Playing the Indian Card

Wednesday, September 08, 2010

Amor Vincit Omnia

As I was watching a YouTube video of British troops in Afghanistan, a truth dawned on me: armies are strong because of love.

A real Southern Gentleman.


The enemy, in modern warfare, is little more than a distant rumour: just the point from which those shots are coming. But your mates in the trench or beside you are vividly real. The imperative is to stop those theoretical people from shooting at them. Dead simple. Even in ancient forms of war, you know the people to your left and right; you probably know them intimately. The enemy, almost always farther away, you do not know. It seems most likely to me that the average soldier never thinks about that guy behind the helmet or the face paint, at the other end of the field; never enough to hate him, or feel much about him at all; just about protecting himself and his buddies, and maybe the wife and kids back home.

So the unit, and the culture, which is held together by the strongest bonds of love and trust among one another, will be the strongest in war.


The Desert Pussycat.

The Romans, notably, exploited this in their military system. Each centurion lunged to his left, protecting the guy beside him, not himself. Worked pretty well for them for a millennium or so.

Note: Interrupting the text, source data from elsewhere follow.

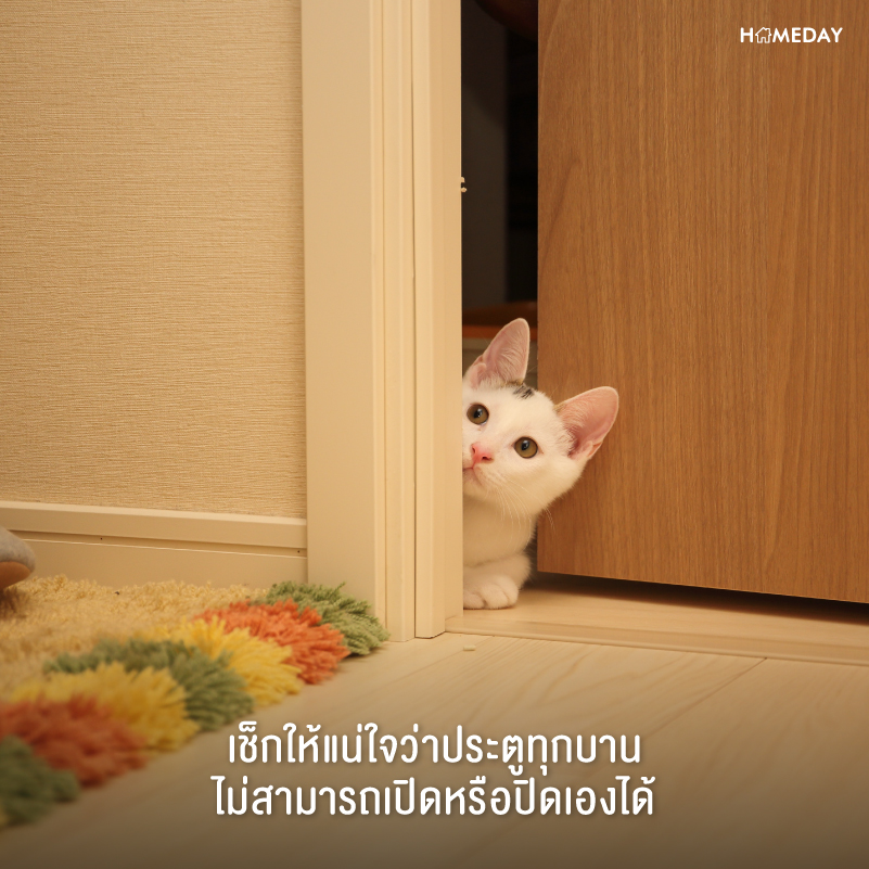หากประตูทุกหลังในบ้านของเราไม่ได้เจาะประตูสำหรับแมว ต้องแน่ใจว่าประตูเหล่านั้น จะไม่สามารถเปิดหรือปิดขึ้นมาได้เอง จากแรงลม หรืออะไรก็ตาม เพราะบางครั้งน้องแมวนั้นสามารถเปิดและปิดประตูเองได้ ทั้งจากที่ตั้งใจและไม่ตั้งใจ ดังนั้นห้องไหนที่คิดว่าน้องแมวไม่น่าได้ใช้งาน และมีความเสี่ยงที่จะขังตัวเองเอาไว้ด้านใน ก็ให้เราปิดห้องนั้นให้สนิทก่อนออกจากบ้านได้เลย ส่วนห้องไหนที่จำเป็นต้องเปิดเอาไว้ ก็อย่าลืมหาของหนักมากั้นเอาไว้ด้วยครับ ส่วนบ้านไหนที่น้องแมวมีความสามารถมากหน่อย ก็แนะนำให้ล็อกประตูให้สนิทด้วยครับ
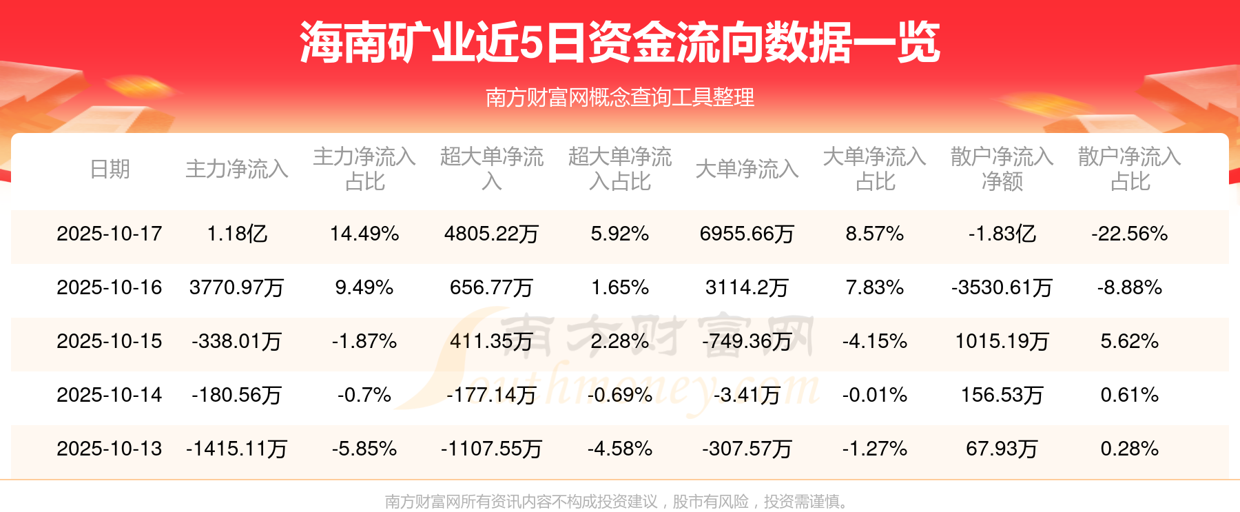 截至10月17日15时,海南矿业报9.150元,涨2.68%,换手率4.44%,成交量8793.39万手,市值为182.84亿元。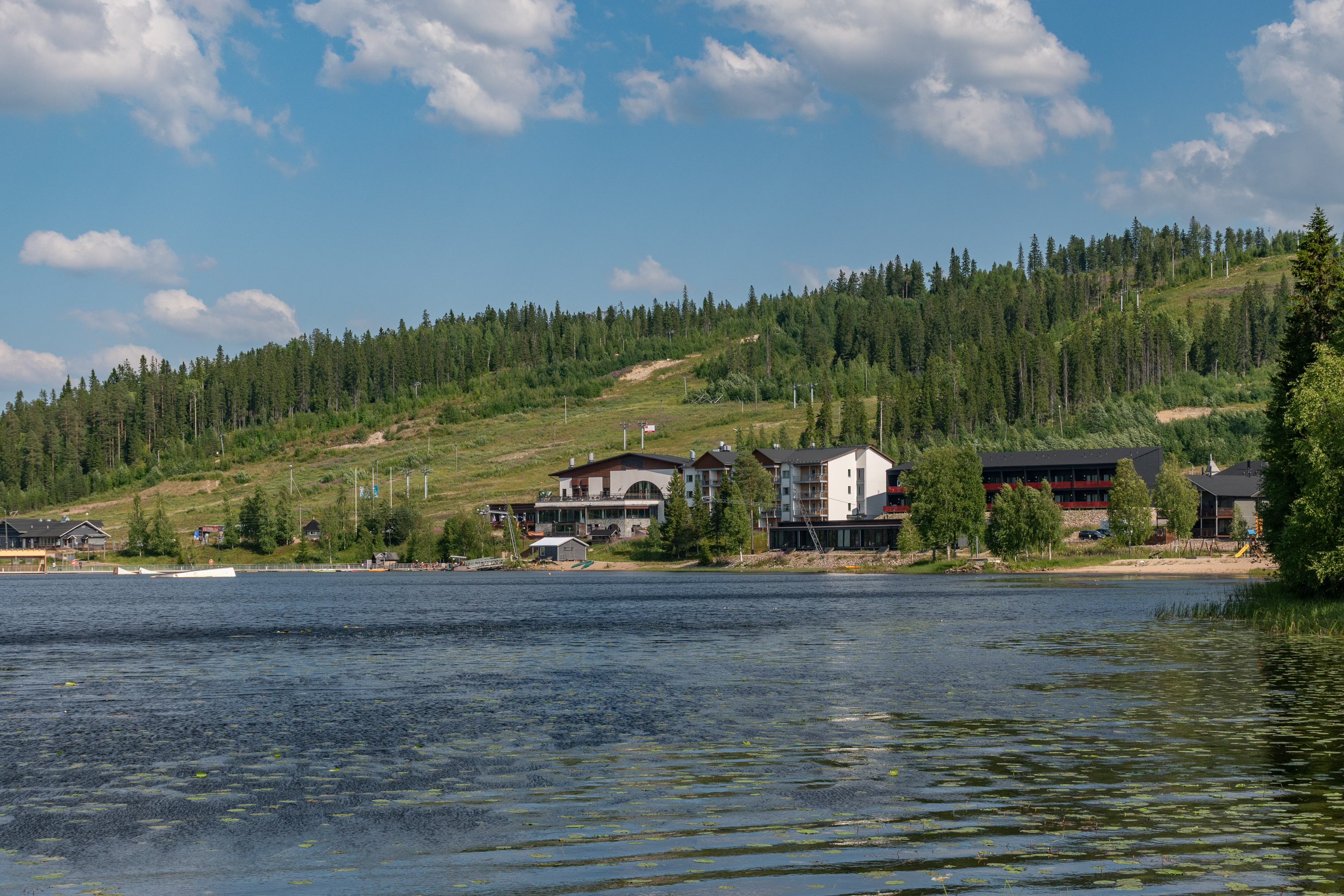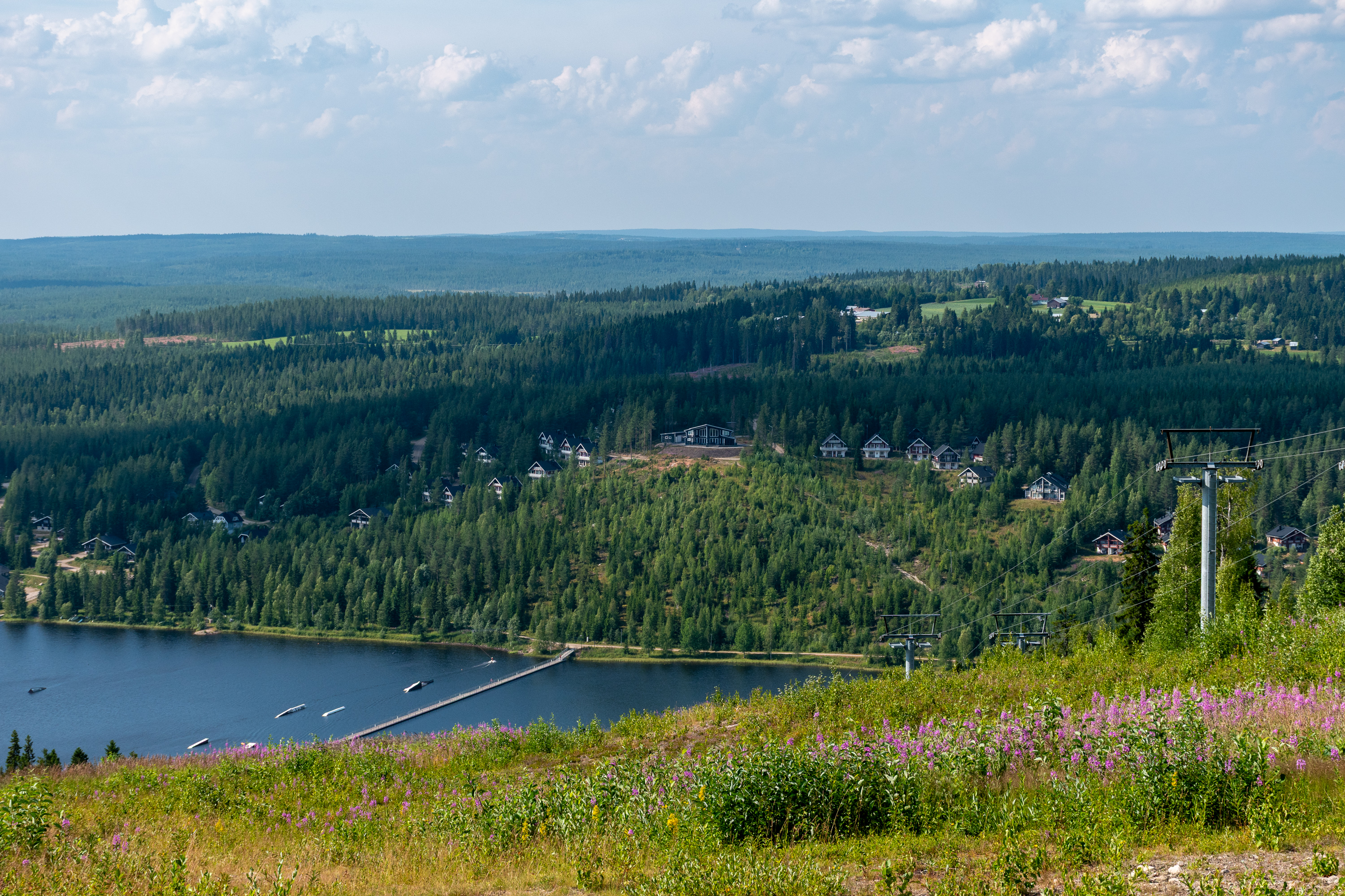 61. Тут видны большие коттеджи на склоне Исо-Туомиваары, а на заднем плане, чуть повыше на сопке, еще несколько хуторов такого же типа, как Халла. А в озере видны трамплины — летом тут занимаются вейкбордингом. Но, конечно, летом тут все равно довольно малолюдно; эти все горнолыжные центры — весьма приятные места, где можно без проблем и без толп, но с хорошим комфортом остановиться летом-осенью в ходе такой краеведческой или походной поездки.

It follows, and history proves it, that the most democratic and open societies are the strongest in a fight, and not the military dictatorships who claim strength at war as their raison d'etre. This is especially proven in defeat. Dictatorships and stern governments can do well so long as they are winning; anyone can do well so long as they are winning. But it takes love for one's government, not just fear of it, or a shared egotism over possible spoils, to hold a unit together and keep it fighting in defeat and retreat.


A hero to the Japanese.

It is this that built the British Empire. Hence the British record of, as they often say, "losing every battle but the last": the great strength of the British military has always been in holding rank and order in retreat and in adversity, or in situations where the individual's self-interest clearly tells him to cut and run. Rourke's Drift; Dunkirk; the Charge of the Light Brigade; Agincourt. More dictatorial regimes notoriously snap in retreat, or at a sudden, sharp, shock: Napoleon in Russia; the Germans at Stalingrad; the French on the Plains of Abraham; the Persians at Gaugamela.
It follows in the same way, and seems to be true historically, that the most successful generals are not the tough guys, the taskmasters, the disciplinarians, and the carpet chewers; they are the kindly ones, or at least the ones who project that impression.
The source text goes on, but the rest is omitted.